Following FEM scheme, I reduce my problem to an optimisation problem $$ J(u) = (Au,u) - 2(f,u) \to \min_{u} $$ I introduce finite elements $h_{k}(x)$ as $$ v_{k}(x) = \left\{ \begin{array}{rl} 1 - \left( \frac{x-x_{k}}{h} \right)^2, & x \in [x_{k-1},x_{k+1}] \\ 0, & \text{otherwise} \end{array} \right. $$ for any $k = 1,\ldots,n-1$, where $x_{k} = hk$, $h = \frac{1}{n}$. Finite elements $v_{0}(x)$ and $v_{n}(x)$ are introduced similarly.

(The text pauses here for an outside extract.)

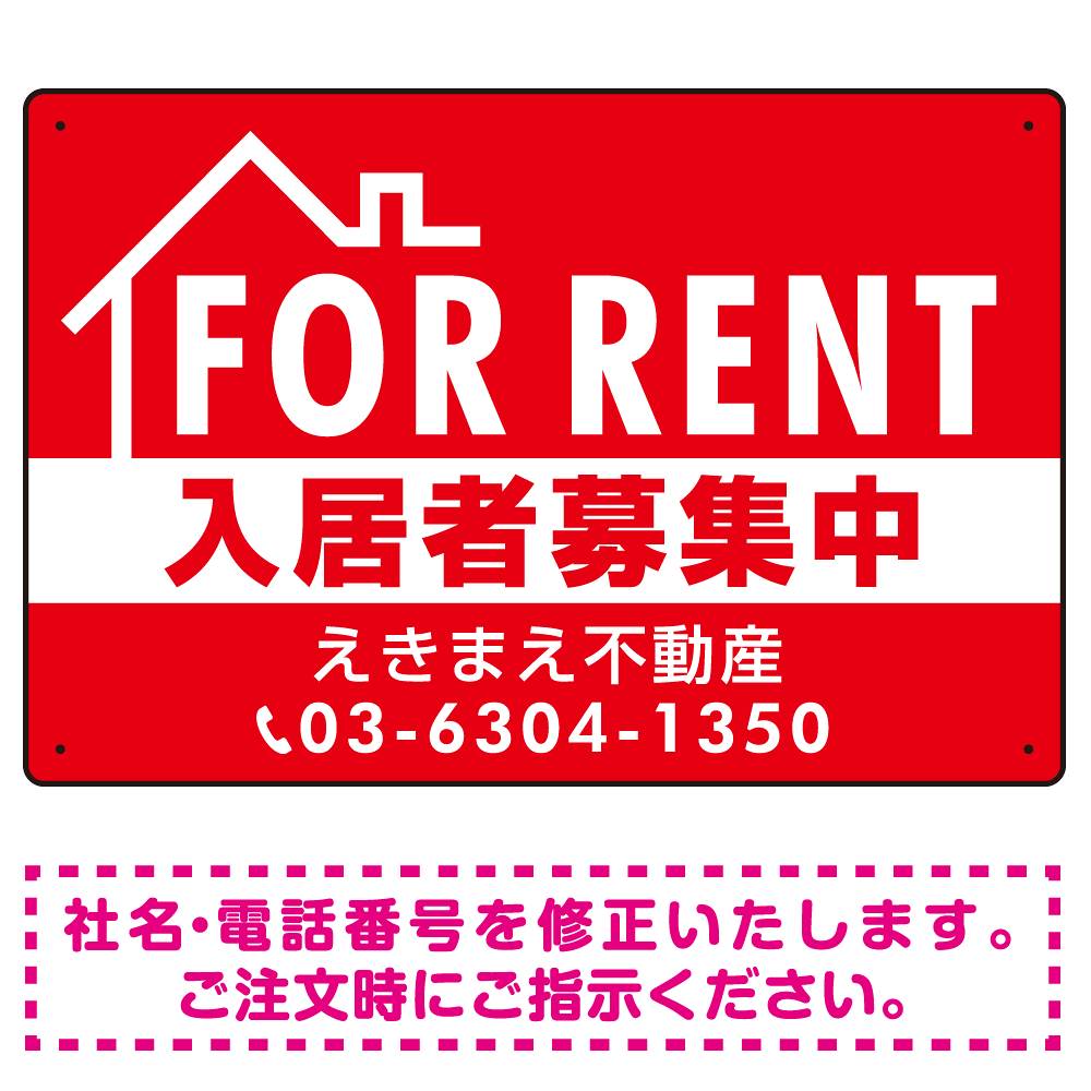商品説明:FOR RENT 入居者募集中 左上イラスト 赤地/白タイトル オリジナル プレート看板 W450×H300 エコユニボード (SP-SMD412B-45x30U)

I try to find numericaly the vector $\alpha$ such that $u(x) = \sum_{k=0}^{n} \alpha_{k} v_{k}(x)$ solves the optimisation problem. We have $$ J(u) = \sum\limits_{i=0}^{n} \sum\limits_{j=0}^{n} \alpha_{i} \alpha_{j} (Av_{i},v_{j}) - \sum\limits_{i=0}^{n} 2\alpha_{i} (v_{i},f) = \alpha^{T} V \alpha - 2\alpha^{T} b \to \min\limits_{\alpha}, $$ where $b_{i} = (f,v_{i})$ and $V_{i,j} = (Av_{i},v_{j})$. After differentiation with respect to $\alpha$ I receive $$ V\alpha = b, $$ but here the stiffness matrix $V$ is singular. So what I have to do? Maybe I have to choose other finite elements?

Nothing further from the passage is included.